Yes I do understand that Exthellion does sound like the LOTR character. I assure you it is unintentional. I made a thread awhile ago asking if the members here thought it would be a problem. Most of them said no because that character was barely mentioned and wasn't a major part of the story.

I was actually thinking of including a pronunciation glossary. I don't think that my names are difficult to pronounce and hard on the eye as are a lot of fantasy names, it's just that they are easy to mispronounce.

I know that Exthellion isn't really a Greek sounding name but I kind of like it. What kind of origin do you think it resembles? maybe I can sort of mingle the two together?

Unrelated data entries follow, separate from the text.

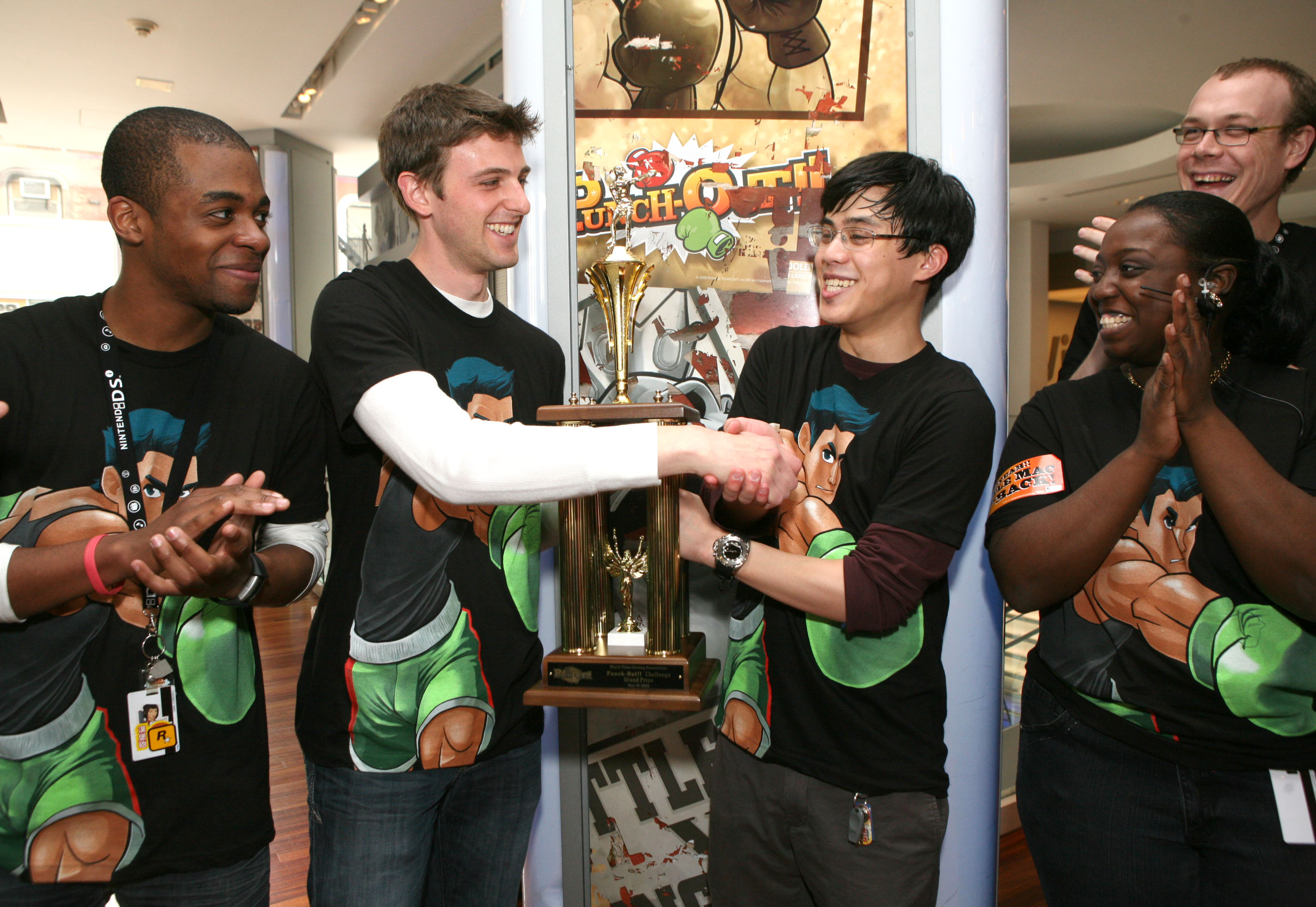 Kit Ellis, Nintendo of America’s Manager of Public Relations, presents the World Video Boxing Association champion trophy to Cyr F., of Jersey City, N.J., at the Nintendo World store in New York, Saturday, May 16, 2009. Cyr F. bested dozens of opponents in a Punch-Out!! challenge that gave Nintendo fans the chance to experience the highly-anticipated game before it hit store shelves.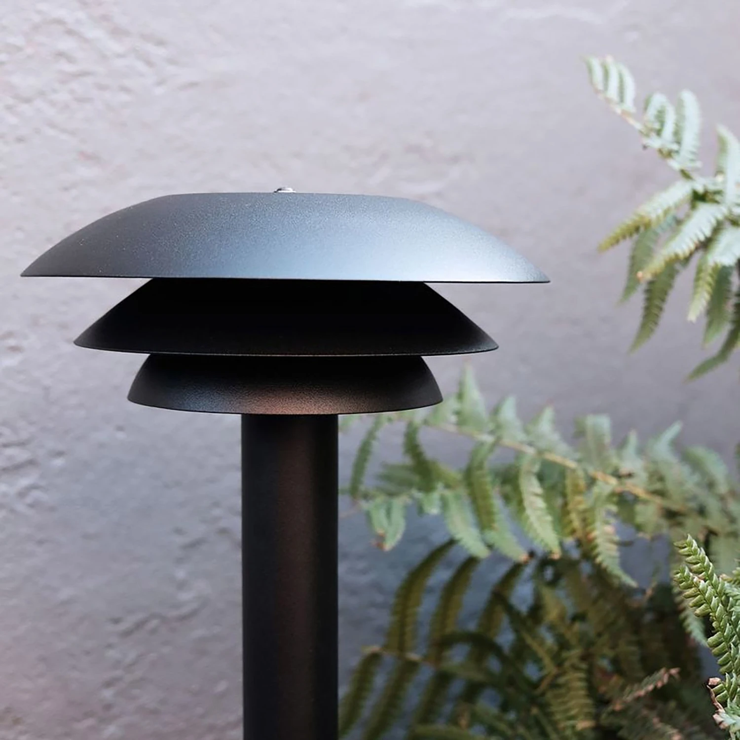 Langlebig und robust und dazu in einer tollen Optik präsentiert sich die Wegeleuchte DL, die aus Edelstahl gefertigt wurde und mit einem matt-schwarzen Finish versehen wurde. Die interessante Gestaltung des Schirmes lässt die Wegeleuchte nicht nur optisch ins Auge stechen, sondern sie bewirkt auch eine blendfreie und interessante Lichtwirkung, denn das Licht des Leuchtmittels inmitten des Schirms wird durch die drei Elemente nach unten gelenkt und beleuchtet sicher die Fläche unterhalb der Leuchte. Wege, Eingänge oder Einfahrten lassen sich mit der Wegeleuchte DL stilvoll und sicher beleuchten.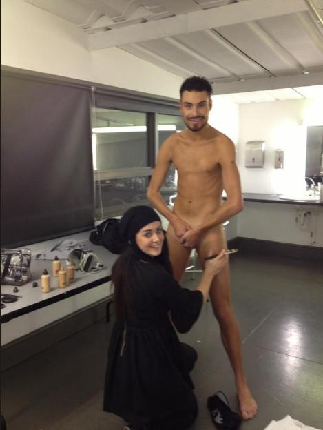 De asemenea, în fotografie apare make-up artistul Roisin Donaghy, înghenuncheată în faţa lui în timp ce îi aplica machiajul.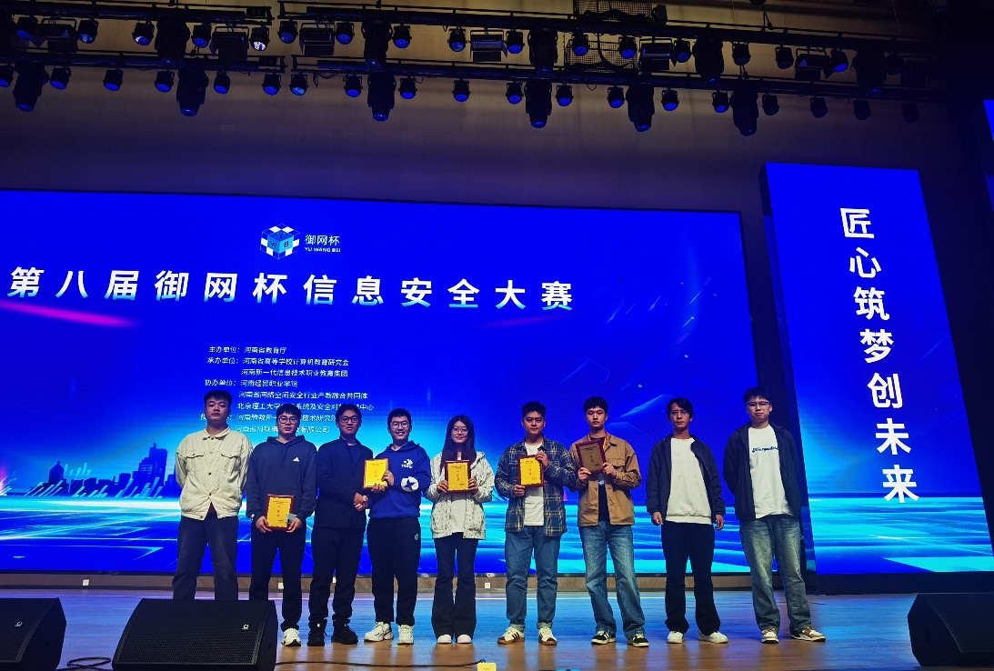 近日,河南省教育厅主办的第八届“御网杯”信息安全大赛在河南经贸职业学院圆满落幕。公司NYSEC1、NYSEC2、NYSEC3、NYSEC4、NYSEC5五支战队凭借出色的专业技能和团队协作,均荣获大赛一等奖,展现了学院在信息安全教育领域的卓越成果。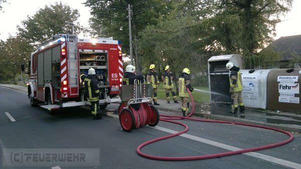 So lautete die Alarmierung am heutigen Morgen. 14 Kameraden machten sich noch im Halbschlaf auf den Weg zum Gerätehaus und besetzten mit 9 Kameraden (Gruppenbesatzung) das Tanklöschfahrzeug der Ortswehr. Weiterhin wurde die Festfunkstation der Wehr durch einen Kameraden besetzt, der im Einsatz die Aufgaben übernimmt, das Einsatztagebuch zu führen und als Ansprechperson des Einsatzleiters weiterhin im Gerätehaus zur Verfügung zu stehen. Die restlichen Kameraden verblieben im Gerätehaus und warteten auf weitere Meldungen von der Einsatzstelle um falls erforderlich ein weiteres Fahrzeug besetzen zu können und zum Einsatzort zu fahren. Der Einsatzleiter, bestätigte der Leitstelle nach dem Eintreffen am Einsatzort den Brand eines Kleidercontainers und meldete der Leitstelle „Kräfte und Mittel ausreichend“. Dies bedeutet, dass keine weiteren Einsatzkräfte und Fahrzeuge am Einsatzort benötigt werden und der Einsatz mit den vorhandenen Kräften und Einsatzmitteln abgearbeitet werden kann. Die Kameraden arbeiteten den Einsatz ab und wir konnten uns bei der Leitstelle nach einer halben Stunde wieder einsatzbereit im Gerätehaus melden.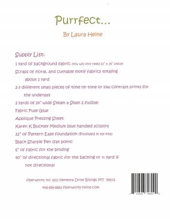 From Fiberworks Inc By Heine, Laura In Quilts Purrfect cat collage pattern by Laura Heine includes full sized pattern and step by step color instruction to complete the quilt. Great beginner collage pattern. Fused applique. Size 21 x 35.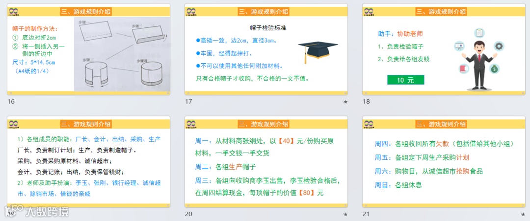 在以往的授课经历中,老师需要一边控制进度,一边检验帽子,一边收取和发放钱币,不免会手忙脚乱,所以这次新版本的课件增加了招募助手环节,把教学任务分出来一部分,这样老师负责最主要的控制进度环节即可。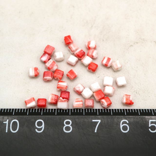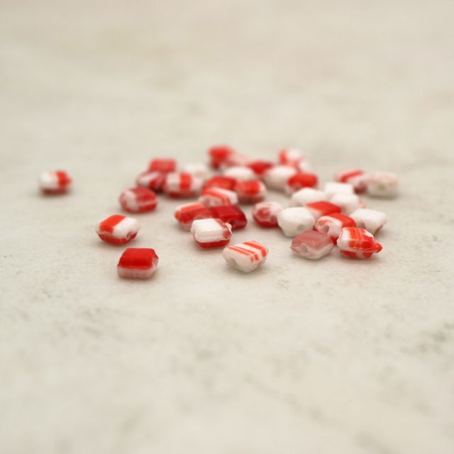 フランスヴィンテージビーズ スクエア ホワイト/オレンジ 約3x3mm【20個】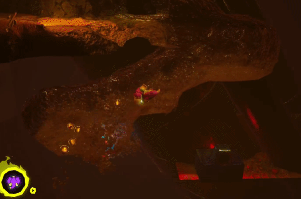 但在《咚奇刚:蕉力全开》中,有一张地图名为“掩埋场的地层”。进入这张地图后,角色上下左右全方位都是泥土,土里预先埋好了宝藏、敌人,还有一些交互装置,但玩家并不知道它们的方向和位置,眼前的世界一切都是未知的。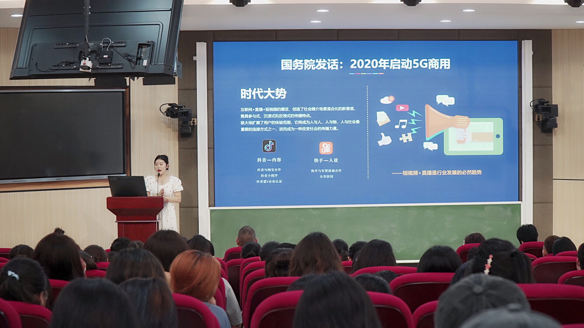 根据商务英语专业建设及课程学习需要,公海gh555000aa线路检测于2021年3月30日下午邀请了来自海南花米云服科技有限公司的专业导师黄宏、潘禹宁老师来公司为19级全体员工举办一场直播带货的专题讲座。黄宏、潘禹宁老师拥有丰富的短视频策划运营和管理服务经验,负责抖音运营和微博内容运营,专注于短视频运营课程方案研究,擅长进行培训及能力提升,输出行业类自媒体运营数据与经验方法论。此次讲座,两位老师与大家分享了直播带货+短视频行业分析实操。两位老师的讲解思路清晰、声情并茂、引人入胜,讲座内容具有很强的实用性和可操作性。本次讲座作为课程学习的拓展,为本专业实践教学提供了非常有价值的经验和实践体验,为同学们打开了一扇通往创业创新之门。两个小时的讲座让同学们受益匪浅,为公海gh555000aa线路检测的专业建设带来了添砖加瓦的效果。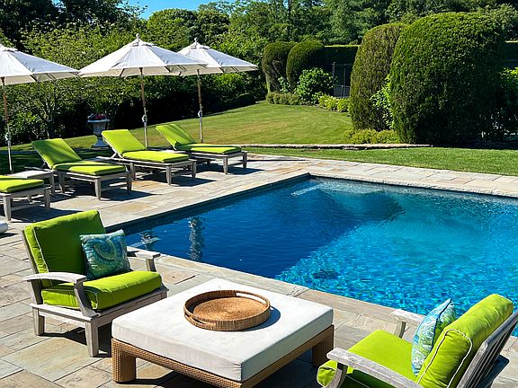 Rental Registration #: RP201381 This 6,000 s.f. gated grand and spacious residence with both tennis and pickleball has been totally updated and features 5 bedrooms with 5.5 baths and is sited on 1.84 secluded acres, surrounded by reserves on two sides for complete privacy. As you enter the grand double-height entryway into the house, you will find a large living room with fireplace and a formal dining room both with coffered ceilings. Off the foyer, the great room with fireplace is fringed by two French doors to the covered bluestone patio. The fully equipped kitchen is open to the great room, with light filled double height breakfast room. There is a generous den and a first-floor junior suite with direct access to the backyard. A powder room, butler's pantry with double wine coolers, 2 laundry machines and three-car heated garage complete the first floor. Upstairs there is a gorgeous primary suite with spa bath, steam shower and private balcony which overlooks the grounds. Three additional guest suites, bonus room over the garage and 4 machine laundry complete the second floor. The manicured backyard blooms around both covered and uncovered bluestone patios overlooking the heated saltwater pool, spa, pool house with Peloton and hand-weight, outdoor shower and all-weather tennis, with pickleball lines and basketball net! 5-7 minute access to the villages of Southampton, Water Mill and Bridgehampton with their famed ocean beaches. A Hamptons home you will not want to miss! Available for US OPEN! [[Rental Registration # RP201381]]

EDIT: I'm not trying to go far a 100% historically accurate Greek sound. Just going for something that can sort of get the image across.


----------



## SeverinR (Nov 5, 2012)

The concern of Dip, would be:
Dippy:mad or foolish
Dipstick: a common put down on Dukes of Hazard, possibly of the south?

Changing it to DY, would keep the Greek sound and not be percieved by some as a put down.

This bank gave a radio show a few laughs and some bleeps when the wrong pronunciation is used: Fukuoka Bank (fu ku oka bank) fu not fa. In Japan, I doubt this would be a problem.


----------



## Androxine Vortex (Nov 5, 2012)

Thanks guys for the advise. But what sort of language/origin do you think the name "Exthellion" resembles? I think I might make a blend between whatever it is like and Greek. 

Oh and I also made a new God named Acazeus


----------



## WyrdMystic (Nov 5, 2012)

Exthellion to me sounds latiny greeky. Excellion was an autobot. Azazeus sounds demonic. Don't worry too much about the origins though, if they sound right and feel right....plow ahead.


----------



## Saigonnus (Nov 6, 2012)

Exthellion sounds like latin to me too... and it isn't a far stretch of the imagination to have a culture "borrow" religious rites or even gods from other places. Perhaps long ago pilgrims came from a distant land and brought it with them. As the years passed, more people took the god as their own and eventually it would become part of the pantheon even if not devised by the people living in the kingdom. 

The early form of christianity used alot of pagan symbols and rituals to make conversion to their religion more palatable to the ordinary people; who based alot of the trappings of their "religion" on things like the summer solstice, winter equinox, lunar/celestial events and what not.


----------